Ellen – Yeah. I think doctor McDougall would be proud of me. Doctor Klaper too.
Clint – He would. You’re doing great, so your husband should be proud. Everyone. Everyone who knows your history should be high fiving you and say, keep up the amazing work.
Ellen – Oh, thank you so much. And then I drink celery juice in the morning when I get up two cups of celery juice. And that helps with the fatigue. Celery juice helps with the fatigue for me. Works. It works pretty well.
Ellen – Yeah.
Clint – I’ve always found that like a real pick me up fast too, and of course, once you, if the trend continues and you’re able to get off the methotrexate entirely, you will experience a step wise improvement to energy levels that feels almost like you’ve been handed back a little battery charger that’s been missing for since the day you started it.

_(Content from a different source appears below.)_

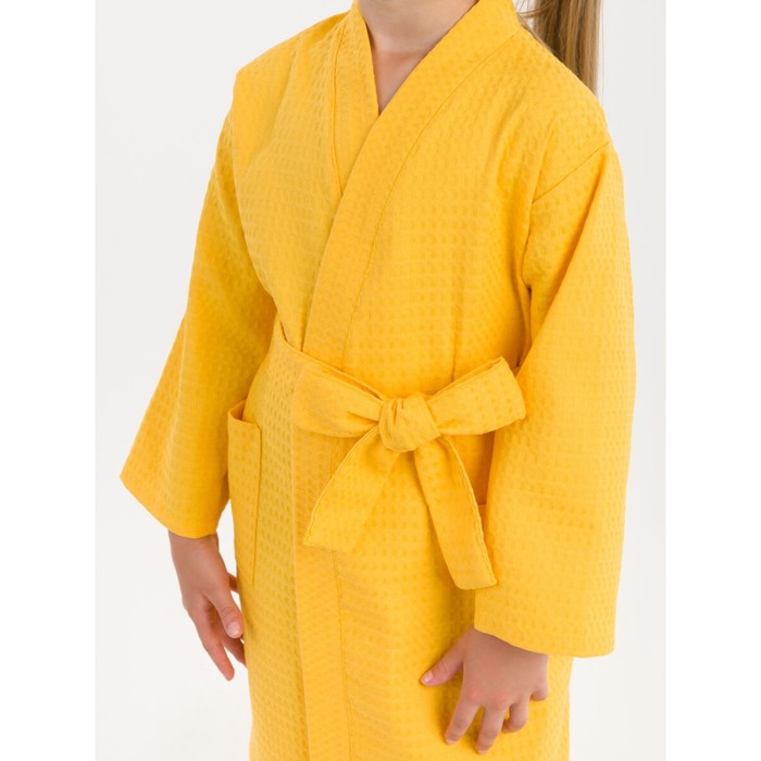 Waffel robe for children made of natural material - 100% cotton with pockets, is convenient and universal. The fabric does not cause allergies and irritation of the skin, perfectly passes the air, quickly absorbs moisture and also dries instantly. The shape of a dressing gown with a smell and a wide belt will allow you to use it for a long time, despite the rapid growth of the child. Therefore, for home care for children, a wafel dressing gown is one of the most convenient and practical things. Waffle fabric robe is light and practical, due to the natural composition of the fabric, a comfortable body temperature remains ideal for a hot summer. After any water procedures, a waffle robe will create a pleasant coolness and quickly dry the body, it is free and pleasant to children's skin.

Ellen – From a lot of my life yeah. Wow. That’ll be wonderful if that happens. Yeah, I’m kind of not sure about that, so I’ll have to wait and see.
Clint – Sure, yeah. There’s no rush, i mean, everything you’ve done, you’ve done steadily, slowly, and so why change things at this last, last hurdle, you know?
Clint – Ellen, congratulations. Thanks for sharing. I really appreciate it. Great to see you, and keep up the amazing work.
Ellen – Thank you. I’m so happy I was able to talk to you today, and I’m just so grateful. I’m always so grateful to you, even though I’m not on your program, posting too much, i’m always there pretty much in case somebody needs help.
Clint – And I’m very grateful for that. So thanks very much, Ellen. We’ll talk again in another 12 months or so, perhaps.
Ellen – That sounds good. Okay. Thank you. Bye bye.